About Monkey 2 › Forums › Monkey 2 Programming Help › Structs and the GC
Tagged: Struct
This topic contains 17 replies, has 7 voices, and was last updated by 
 sicilica 2 years, 8 months ago.
- 
		AuthorPosts
 - 
		
			
				
July 28, 2016 at 5:28 pm #2498
So, with structs (and I guess also with the ability to get references / manually pass around pointers), theoretically you could completely avoid invoking the GC if you didn’t use classes, because:
- Any structs you create inside of a local scope would be on the stack rather than the heap (I assume)
 - Any structs that are passed by value will be on the stack
 - When you need pointers, or for any global data, you could create global arrays of structs (not struct pointers) in memory at init, then assign to those structs by value if they need replaced or pass pointers to them into functions when they need to be used – essentially giving you one large malloc() that you can control, instead of giving to the GC (you would, of course, need to write an allocator and probably want to optimize your ability to track slots that are in use / free, maybe with bitmasks etc)
 
What other heap allocations through the GC would be unavoidable? I would assume that any construction of strings (if you concat stuff or w/e) would go on the heap? Are there other “gotchas” you’d have to think about?
If you do it right, you should also be able to improve your cache hits by getting some control over locality this way. Does the overhead to try to manually control memory in m2 make sense – or would you be better off either not worrying about the GC and just hoping it’s “fast enough”, or switching to something like C if you actually need that level of performance?
July 28, 2016 at 6:30 pm #2501Would be cool if someone explain the need about structs.
When do you need them and are the a lot faster then a class ?With my background using C# and python,monkey1,javascript,nodejs I never needed them.
http://monkey2.monkey-x.com/language-reference/
To declare a struct:
Struct Identifier
[/crayon]Monkey1[crayon-5cba8ab318ce9378228998 inline="true" ] ...Struct members...End
A struct can contain consts, globals, fields, methods, functions and other user defined types.
Structs are similar to classes, but differ in several important ways:
- A struct is a ‘value type’, whereas a class is a ‘reference type’. This means that when you assign a struct to a variable, pass a struct to a function or return a struct from a function, the entire struct is copied in the process. —– what does this mean ?

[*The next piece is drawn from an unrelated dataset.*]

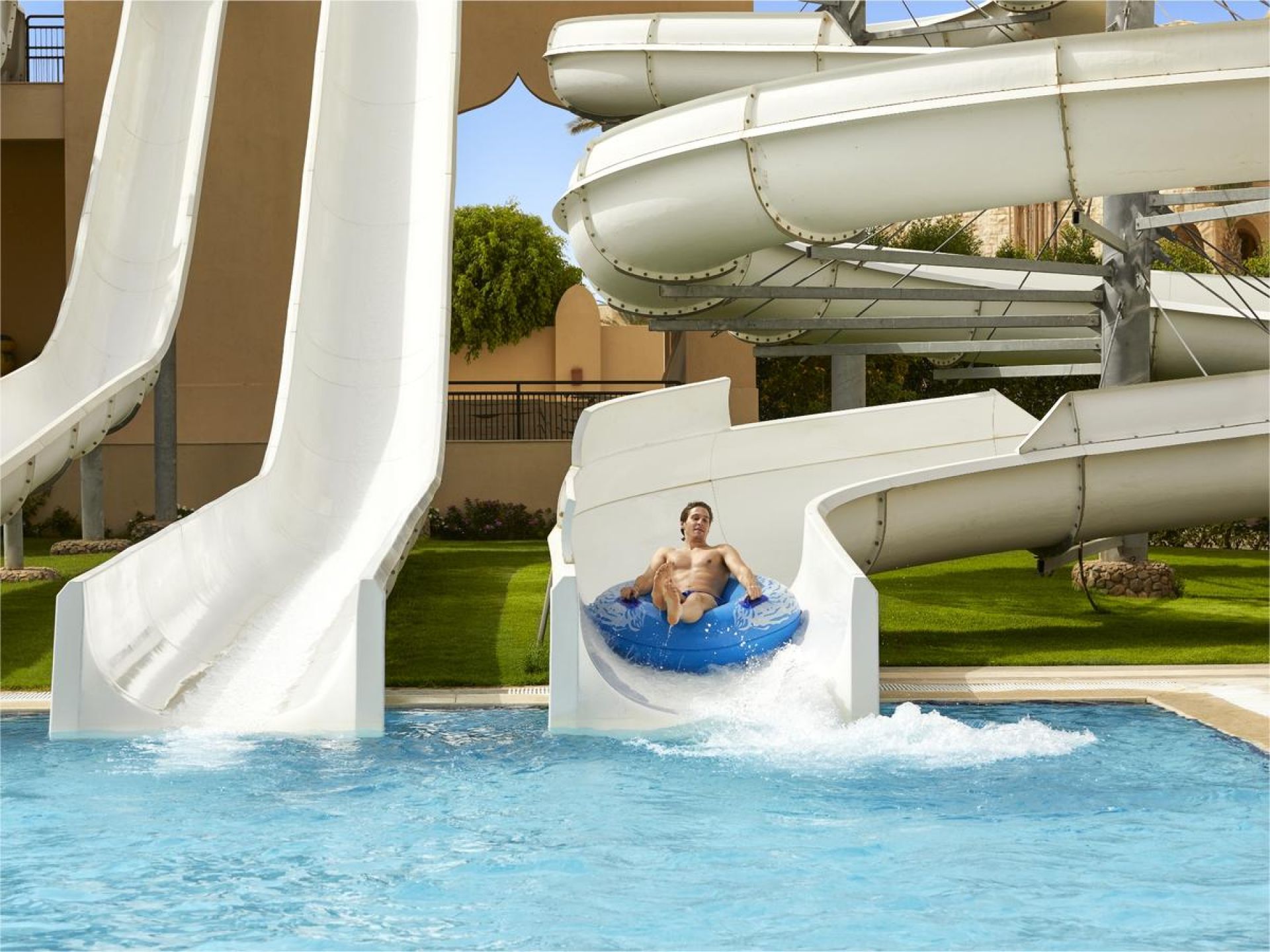 Хотелът разполага с общо 715 стаи и апартаменти, от които 113 Standard Rooms (24 m2, Pool or Garden View), 143 Superior Rooms (34 m2, Garden View), 140 Deluxe Rooms (45 m2, Pool or Promenade view), 153 Family Suites (55 m2, Pool or Garden view), 151 Family Junior Suites (68 m2, Pool or Garden view), 15 Aqua Suites (70 m2, Pool or Promenade view). Всички стаи са оборудвани с климатик, телефон, телевизор, баня с вана/душ, сешоар, минибар (вода и безалкохолни напитки - безплатно), балкон, Wi-fi. Почистване на стаите и смяна на кърпи - всеки ден, смяна на спално бельо – 2 пъти в седмицата.

 - Stucts are statically typed, whereas classes are dynamically typed.
 - Struct methods cannot be virtual.
 - A struct cannot extend anything.
 
July 28, 2016 at 7:41 pm #2502- A struct is a ‘value type’, whereas a class is a ‘reference type’. This means that when you assign a struct to a variable, pass a struct to a function or return a struct from a function, the entire struct is copied in the process. —– what does this mean ?
 
I will assume here that Mark is saying that the struct data type in MX2 is being passed by value. Very expensive in time and memory when you pass a large data object to and from a function or method, as the whole data object is copied to the stack.
Where as a data object that’s being passed by reference will only need the address of the object in memory to be copied onto the stack. A lot faster and more memory efficient.

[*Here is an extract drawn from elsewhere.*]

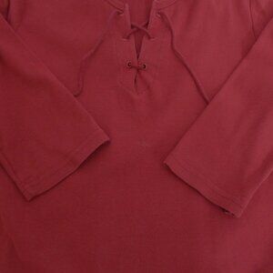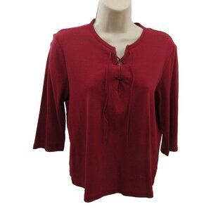 St John's Bay Top Petite Large Laced V-Neck Front Pullover Burgundy 3/4 Sleeve

July 28, 2016 at 7:58 pm #2503That’s exactly what the difference between passing a value and a reference is. @gcmartijn, I don’t think structs exist in any of the languages you mentioned, since they are all pretty high level. A struct is like if you duct-tape a bunch of variables together: if I pass a struct into a function, for example, it’s the same as if I was taking a parameter for each variable in the struct and passing all of them at the same time. All of the languages you mention follow the “every object is a pointer” mindset, so if you pass an object into a function, you’re not passing its data; instead, you’re passing an integer that represents where in memory the object is.
Anyway, whether you pass values or pointers into a function isn’t really the question I’m getting at here – of course you would never want to copy large structs around, and if you don’t know exactly what you’re doing you might not want to use structs at all. My question is about memory allocation – if I can’t be confident that I have a lot of control over the allocator, then it doesn’t make any sense to mess with what I’m talking about at all.
July 28, 2016 at 9:35 pm #2504Are there other “gotchas” you’d have to think about?
Don’t think so…
The garbage collector gets involved whenever you call ‘new class’ or ‘new blah[]’. Also, if you ‘Slice’ an array or somehow create a new array, eg: with String.Split().
Strings aren’t GC’d but still need to be malloced/freed.
Would be cool if someone explain the need about structs.When do you need them and are the a lot faster then a class ?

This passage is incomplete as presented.